Difficile d’imaginer aujourd’hui, dans nos sociétés de consommation, des magasins vides et de longues files pour obtenir des produits de première nécessité – pourtant garantis par le programme économique de l’Etat, à tel point qu’il les inscrit dans les cartes de rationnement. Pour nos sociétés occidentales cela relève des récits de guerre que nous écoutions de nos grand-parents. Pour d’autres pays, par contre, c’est du passé proche. Avec un humour certain, en Roumanie la propagande du régime avait même nommé la période la plus sombre l’Âge d’Or…
Quelle différence la révolution a-t-elle apportée aux boucheries ? Avant la révolution, la boucherie avait une enseigne, sur l’enseigne était écrit le nom du propriétaire, Vassili Ivanovitch, et à l’intérieur, il y avait de la viande. Depuis la révolution, la boucherie n’a plus d’enseigne, sur la vitrine il y a écrit «Viande», et à l’intérieur il y a Vassili Ivanovitch.
Le manque d’approvisionnement était l’un des thèmes préférés de la satyre communiste et l’objet de blagues nombreuses qui circulaient sous le manteau en bravant la censure.
D’après Hans et Barbara Otzen, auteurs de plusieurs livres sur la cuisine de l’Allemagne de l’Est la pénurie, qui était le résultat des politiques de production et d’importation décidées par le gouvernement, était intentionnelle et visait à mieux contrôler la population qui n’avait d’autre choix que de manger le plus possible à la cantine de l’usine ou de l’école, où les oreilles de l’Etat étaient nombreuses et attentives.
Dans tous les pays du bloc communiste la chasse aux aliments était le sport le plus pratiqué. Bien que le régime eut prévu des cartes de rationnement qui donnaient le droit à une certaine quantité de farine, oeufs, viande et autres par mois et par personne, il était souvent difficile de s’adjuger la marchandise, qui restait très théorique. Heureux étaient ceux qui avaient de la famille ou des amis à la campagne qui pouvaient leur fournir des produits qu’ils pouvaient non seulement consommer, mais aussi échanger contre d’autres impossibles à trouver.

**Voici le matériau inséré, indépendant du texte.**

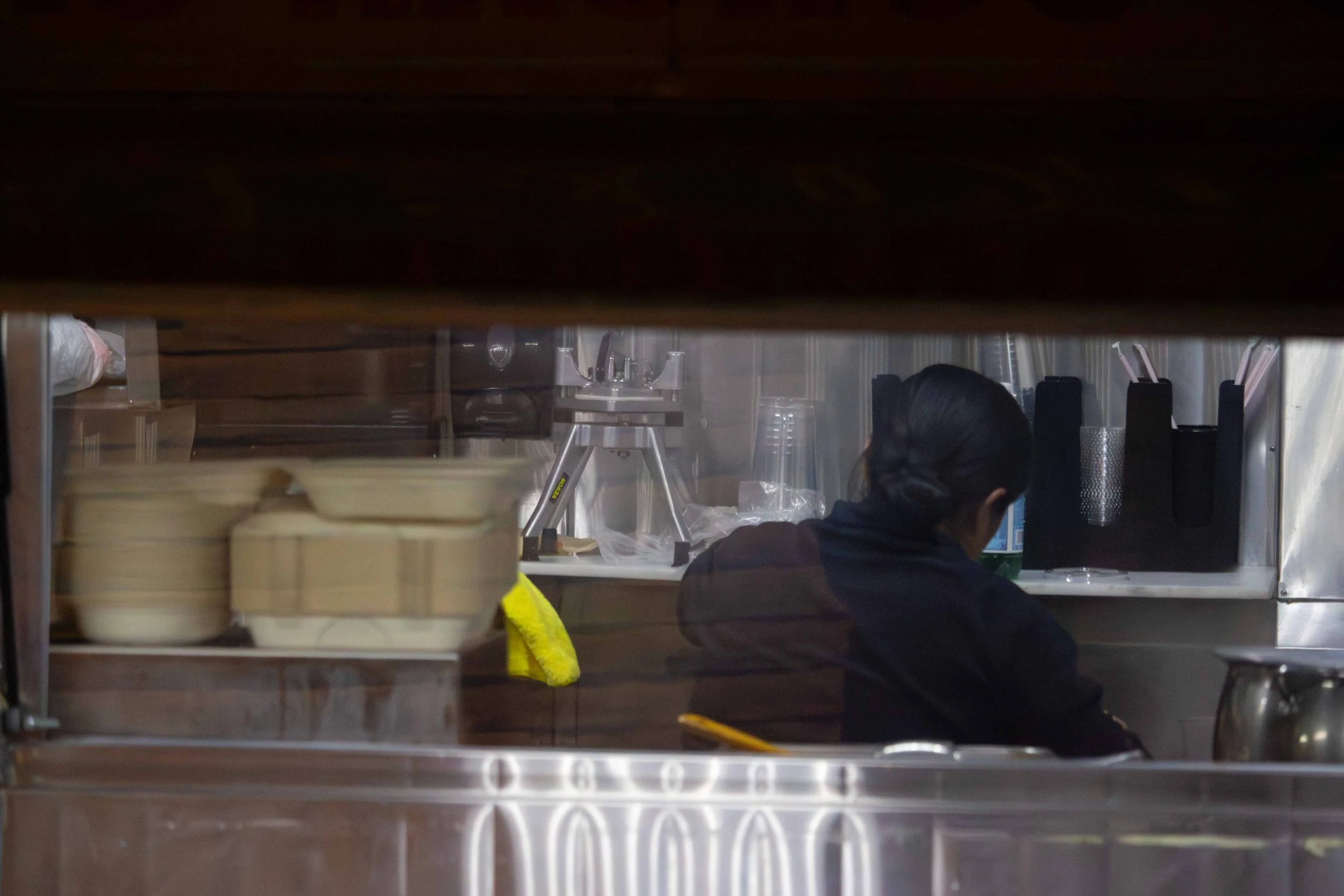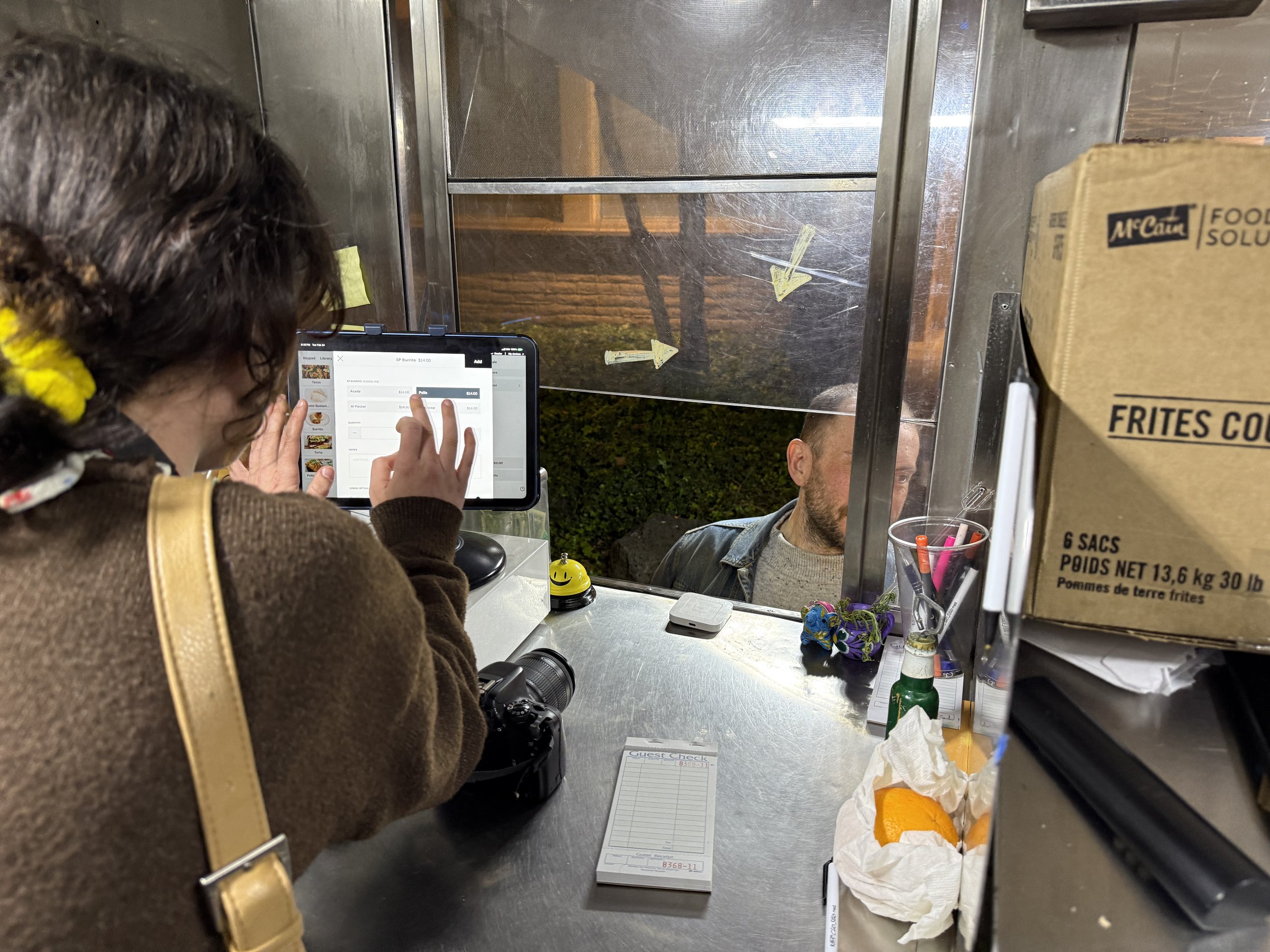 We found ourselves swallowed up by the business of the truck. Order receipts swept down the aluminum counters. Employees called back and forth to each other in Spanish, as the TV played out, commentators speaking on a recent soccer game.

Dans son livre «77 Istorii si Retete din Epoca de Aur» (77 Histoires et Recettes de l’Age d’Or) la journaliste roumaine Veronica Bectas raconte avoir pu mettre en relation une pharmacienne qui cherchait du vrai beurre pour le gâteau d’anniversaire de son fils et une camarade de lycée qui vivait à la campagne, possédait une vache et cherchait du coton hydrophile et un rendez-vous chez un médecin spécialiste. Les termes de l’accord prévoyaient un demi-kilo de beurre pour la pharmacienne contre 20 paquets de coton et une visite médicale contre une oie, une dinde et un canard.
C’était le troc, en effet, plus que l’argent qui permettait d’obtenir ce qui était nécessaire pour vivre. On échangeait des tomates contre du lard fumé ou de la viande contre des chaussures. A la fin des Années 70, en Union Soviétique, les jeans américains et les enregistrements des ABBA avaient la cote, ce qui m’avait valu, à l’occasion d’un voyage à Moscou, d’obtenir en échange quelques kilos de caviar de toute première qualité. Devant les magasins, dès que la rumeur se répandait qu’on attendait de la marchandise les files s’allongeaient sans que les gens se soucient de ce qu’ils allaient pouvoir acheter. A quoi bon d’ailleurs? Il y aurait toujours quelqu’un à qui revendre son butin si on n’en avait pas besoin.
Une amie italienne qui avait longtemps vécu à Moscou me racontait avoir été une fois dans une file qui s’allongeait de minute en minute. Une vieille dame, au bout d’une demi-heure, insista pour savoir ce qu’on était supposés obtenir et un jeune homme un peu agacé lui répondit: des bikinis en fourrure. Ah bon, répondit la dame, et resta à sa place.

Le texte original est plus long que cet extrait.